I've been building this site with Claude Code as my pair programmer. Claude writes most of the code. I review it, test it, and guide the direction. It's been remarkably productive.
But I noticed a gap in the process.
When you're the only human reviewer, and your AI assistant wrote the code, you're reviewing from a position of trust. Claude explained what it did. The explanation sounds reasonable. The code looks right. You move on.
This is how bugs slip through.
Enter Codex
OpenAI's Codex is a code review agent. You point it at a PR or a set of changes, and it reviews them—looking for bugs, security issues, style problems, and edge cases you might have missed.
I started using it as a second opinion on Claude's work.
The workflow is simple: Claude makes changes, I do an initial review, then I queue a Codex review before merging. If Codex finds something, we fix it. If it doesn't, we merge with more confidence.
What I didn't expect was how often Codex would catch things that both Claude and I missed.
Real Examples
Here are actual findings from the past few sessions.
The Modifier Key Bug
Claude implemented a TransitionLink component for smooth page transitions using the View Transitions API. The code looked clean:
function handleClick(e: MouseEvent<HTMLAnchorElement>) {
e.preventDefault();
// ... transition logic
}
Codex flagged it:
The click handler calls
preventDefault()unconditionally. This breaks standard browser behavior for modifier key clicks (Cmd+click to open in new tab, Ctrl+click, middle-click, etc.).
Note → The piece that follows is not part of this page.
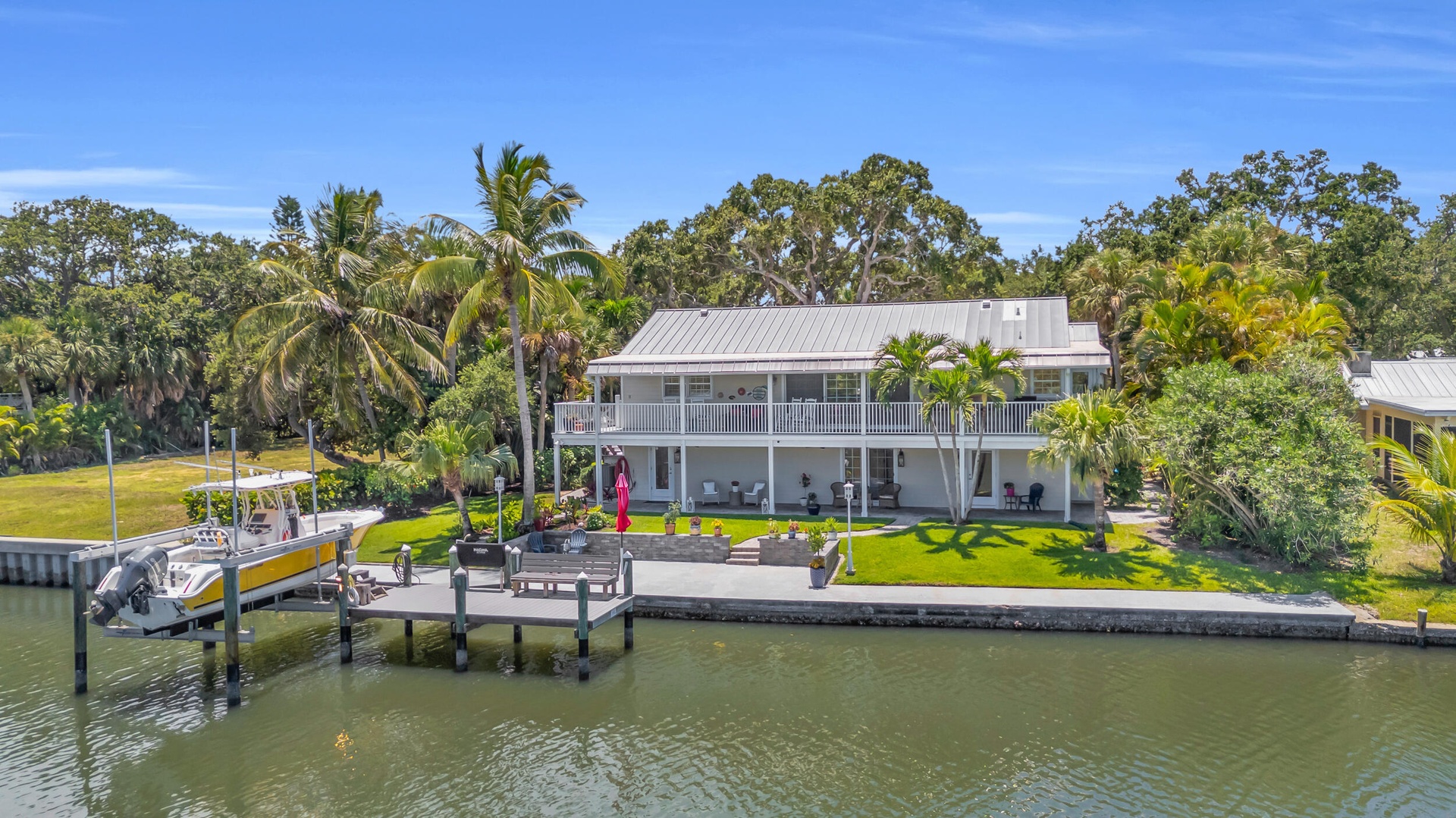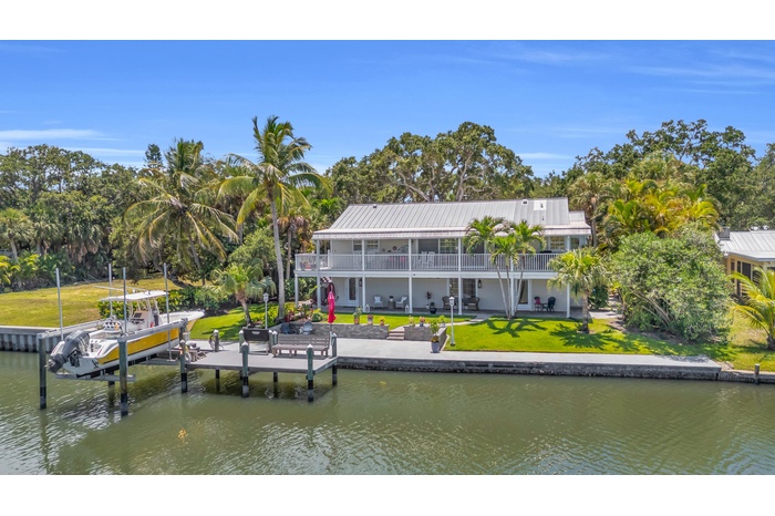 Wake up to daily dolphin & manatee sightings from your backyard at this unique riverfront home, complete with a private dock, 12,000-lb boat lift, and newly refinished seawall! Solid concrete block construction on both levels with coastal finishes, wood and travertine floors & easy roll-down hurricane shutters. Immaculately maintained with an air-conditioned garage, rebuilt well pump, new electrical panels, updated irrigation, and stunning landscaping enhanced by fruit trees and new lighting. Private, peaceful, and just steps from the ELC--perfect for boaters and nature lovers alike! Rmszapprox
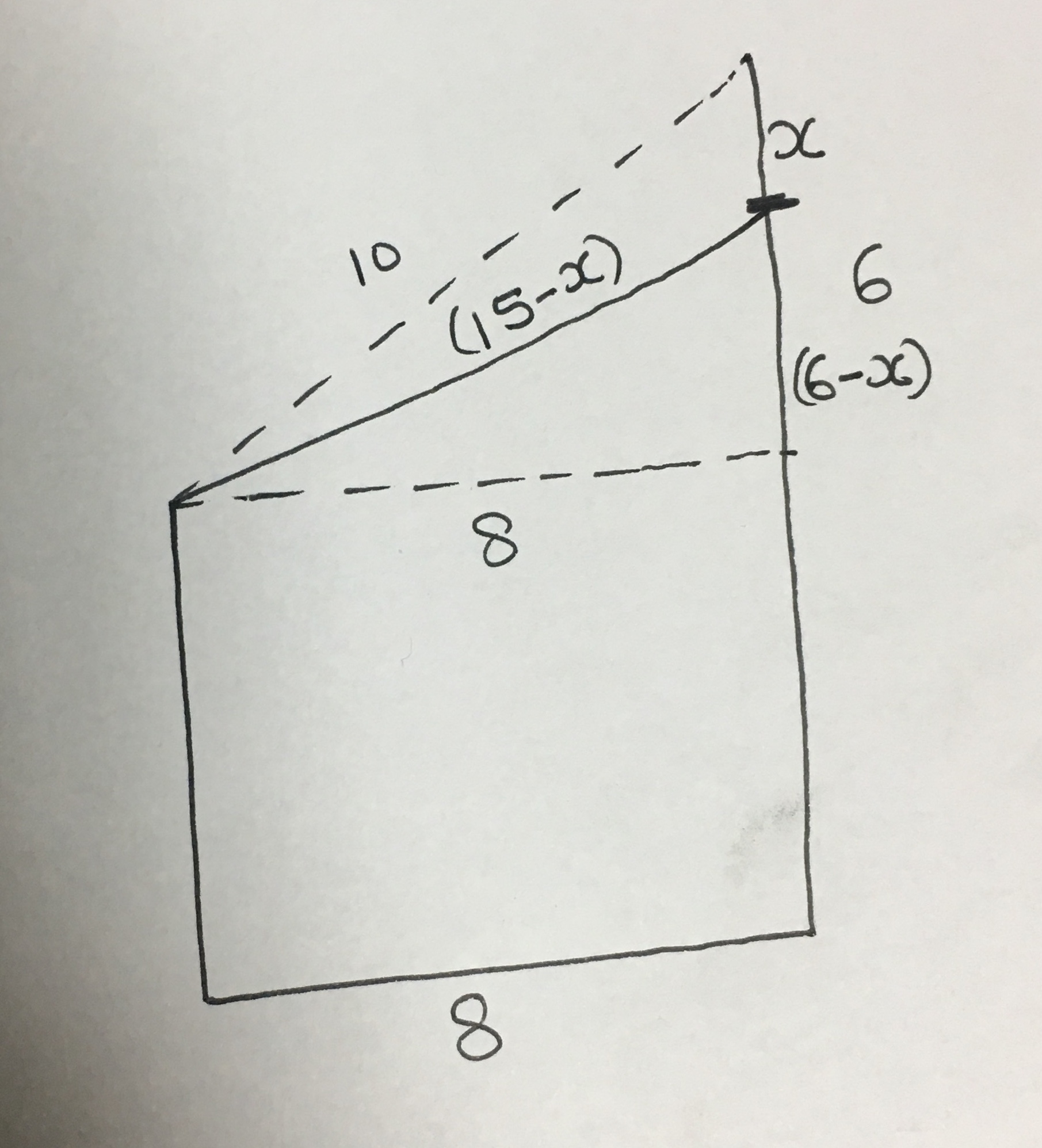 Two pillars are placed vertically 8 feet apart. The height difference of the two pillars is 6 feet. The two ends of a rope of length 15 feet are tied to the tips of the two pillars. The portion of the length of the taller pillar that can be brought in contact with the rope without detaching the rope from the pillars is?

It was right. The fix was to check for modifier keys before preventing default:
function shouldUseDefaultBehavior(e: MouseEvent<HTMLAnchorElement>): boolean {
return (
e.button !== 0 || // Not left click
e.metaKey || // Cmd+click (Mac)
e.ctrlKey || // Ctrl+click
e.shiftKey || // Shift+click
e.altKey // Alt+click
);
}
This is exactly the kind of bug that's easy to write, easy to miss in review, and annoying to discover later when you're trying to open a link in a new tab and nothing happens.
The Wrong Units
Claude added Real User Monitoring data export from GA4. The code collected Web Vitals metrics and stored them with units:
webVitals[metricName] = {
count: eventCount,
average: totalValue / eventCount,
unit: metricName === 'CLS' ? '' : 's' // seconds
};
Codex caught it:
LCP and FCP values from web-vitals are reported in milliseconds, not seconds. The unit should be 'ms'.
Small error, but it would have made the dashboard display nonsense values. A 329ms LCP would show as "0.33s" instead of "329ms", which is technically correct but inconsistent with how these metrics are typically reported.
The Stale Data Problem
The GA4 export script updated latest.json with web vitals data when available. But what happens when there's no new data?
Codex:
If no Web Vitals events are found, the script doesn't clear the previous
webVitalsfield inlatest.json. This could show stale data from a previous run.
The fix was a single line:
if (Object.keys(webVitals).length === 0) {
delete summary.webVitals;
}
None of these bugs would have caused the site to crash. They're subtle correctness issues—the kind that accumulate into a vaguely broken user experience that's hard to diagnose.
The Meta Question
Is it weird to have AI review AI code while a human supervises?
Maybe. But the alternative is having only one perspective on AI-generated code—either trusting it completely or reviewing it exhaustively yourself.
I don't have the energy to scrutinize every line Claude writes. I also don't want to ship bugs that a five-minute automated review would have caught.
Codex fills that gap. It's not replacing my judgment. It's augmenting it with a different perspective that catches different things.
The Deeper Pattern
This is really about building review systems that don't depend on a single point of failure.
In traditional development, code review exists because the author is too close to their own work. Fresh eyes catch what familiar eyes miss.
AI-assisted development has the same problem, just shifted. I'm too close to the conversation with Claude. I trust the explanation. I believe the code does what we discussed.
Adding Codex creates distance. It's a reviewer that doesn't care about our conversation, doesn't know what we intended, and just asks: "But is the code actually correct?"
Sometimes the answer is no. And I'm glad something caught it before users did.
Takeaway
Using one AI to review another AI's code sounds like a punchline. In practice, it's just defense in depth.
Claude writes code with context and intent. Codex reviews code without context or intent. The combination catches more bugs than either alone.
The meta layers are getting deep. But the shipped code is better for it.